I was closeted last week at an inter-governmental meeting on food safety. It was intense.
Much talk was of agencies and of their different approaches, experiences and successes. Food agencies are seen by some as the answer to everything.
There was much off-the-record debate about the proposed European Food Authority. The European Commission is committed to launching EFA in 2002. But why have one? There are arguments for and against.
The main argument "for" is better use of resources. Small countries cannot match the big budgets for monitoring or research wielded by larger ones. EFA could help co-ordinate intelligence, science and enforcement.

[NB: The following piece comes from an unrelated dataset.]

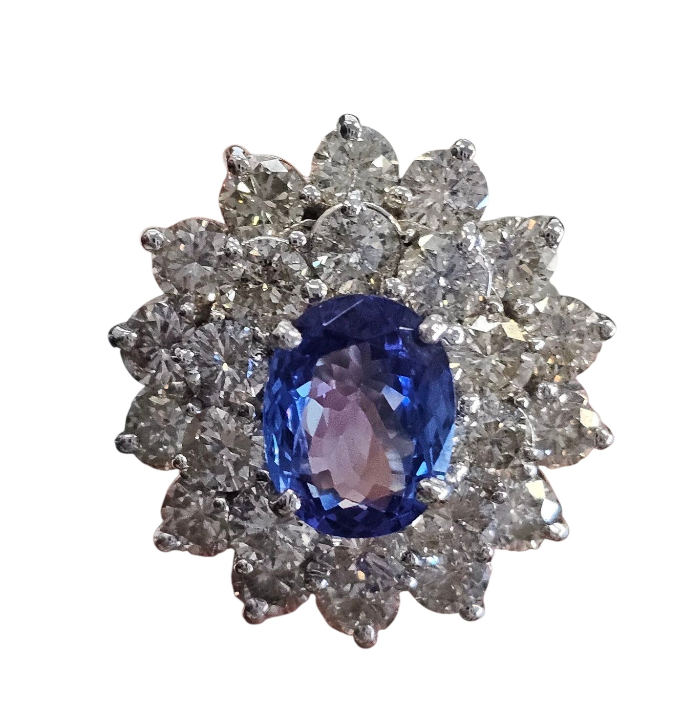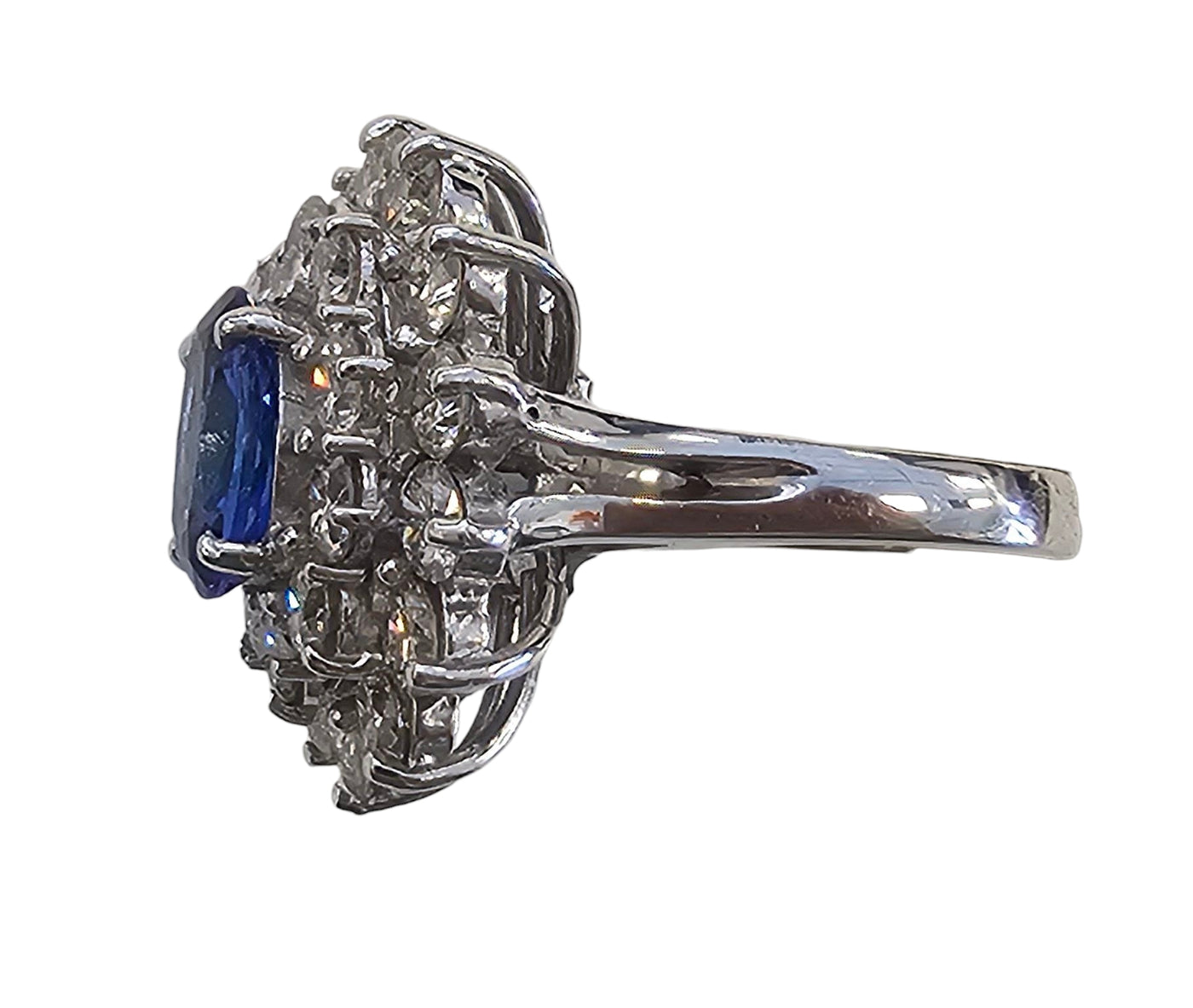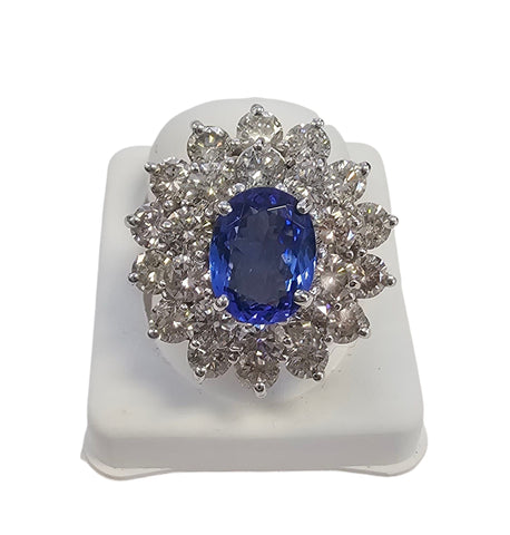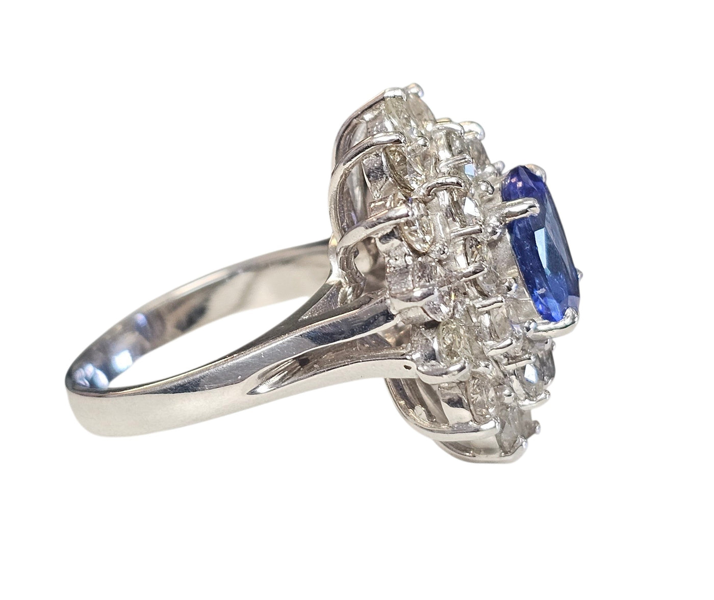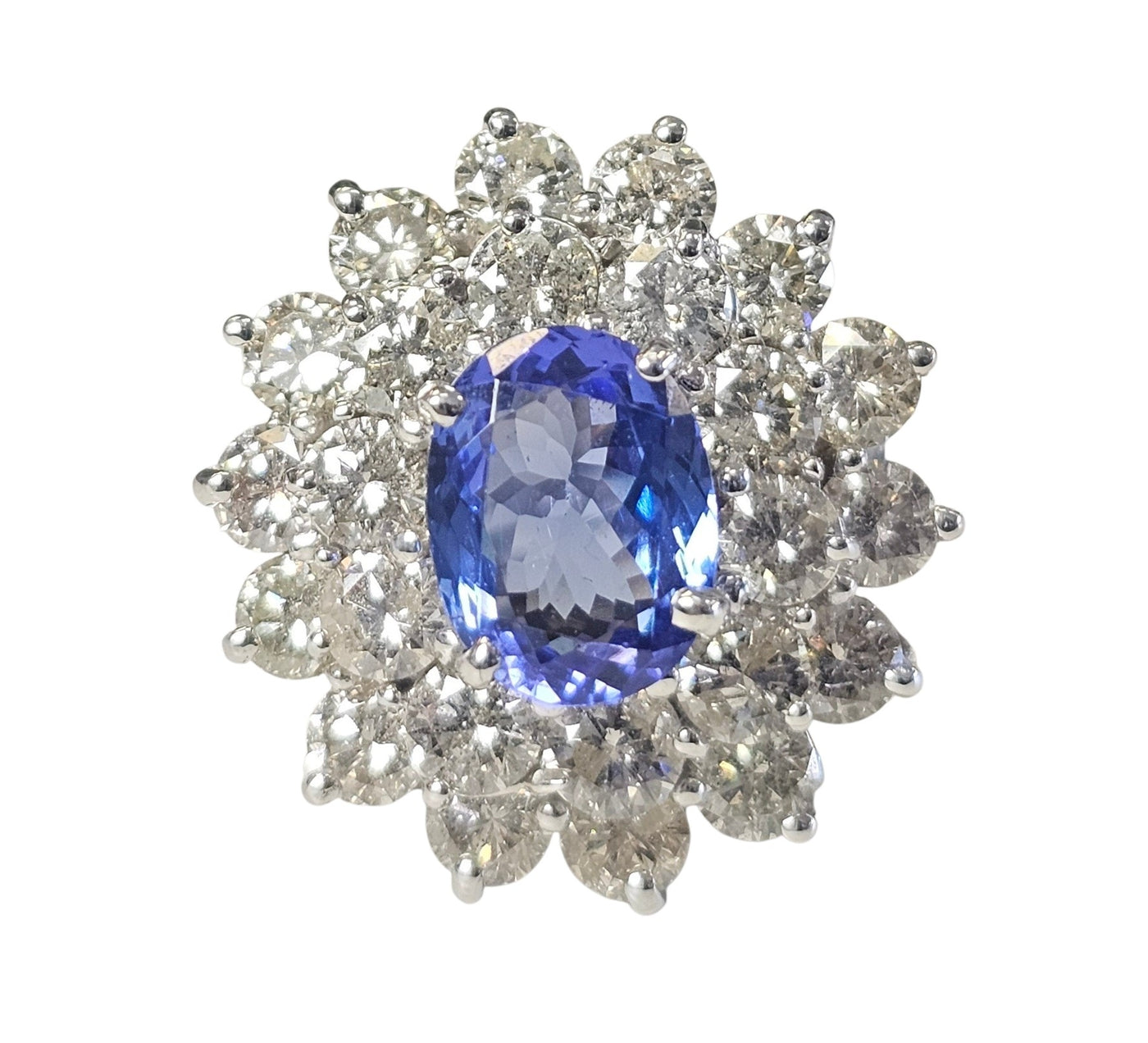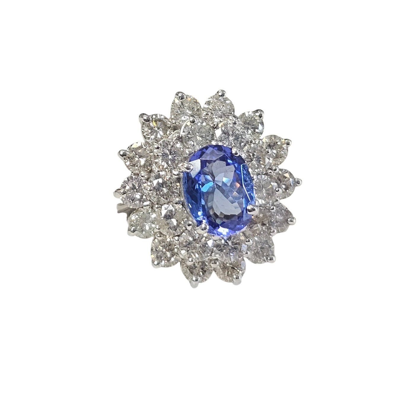 Tanzanite Diamond Flower Ring in 14Karat White Gold

A more contentious "pro" is that EFA can harmonise standards, but up or down? Some argue only an EFA can be a consumer champion across the EU-wide structure of the food supply chain. Even big countries such as Germany or the UK lack state machinery with long enough tentacles.
EFA will give the EU punch like the FDA gives the US, they say.
And what of the arguments against? Agencies are a fashion, convenient for politicians to distance themselves from a crisis. EFA's 44.4m euro budget is tiny; what will it be able to do in practice? It cannot be a final EU food court of arbitration.
A big worry is that EFA might be perceived as an unnecessary level of bureaucracy, unable to affect outcomes for consumers, complicating communication and liaison.
EFA suits big rather than small food companies. What's needed is not EFA but sub-national/regional infrastructure to improve local support systems.
EFA might be based in Barcelona, Lille, Helsinki or Parma. Wonderful cities, but are they close enough to Brussels to forge links with the Commission and policy-makers? Many doubt it.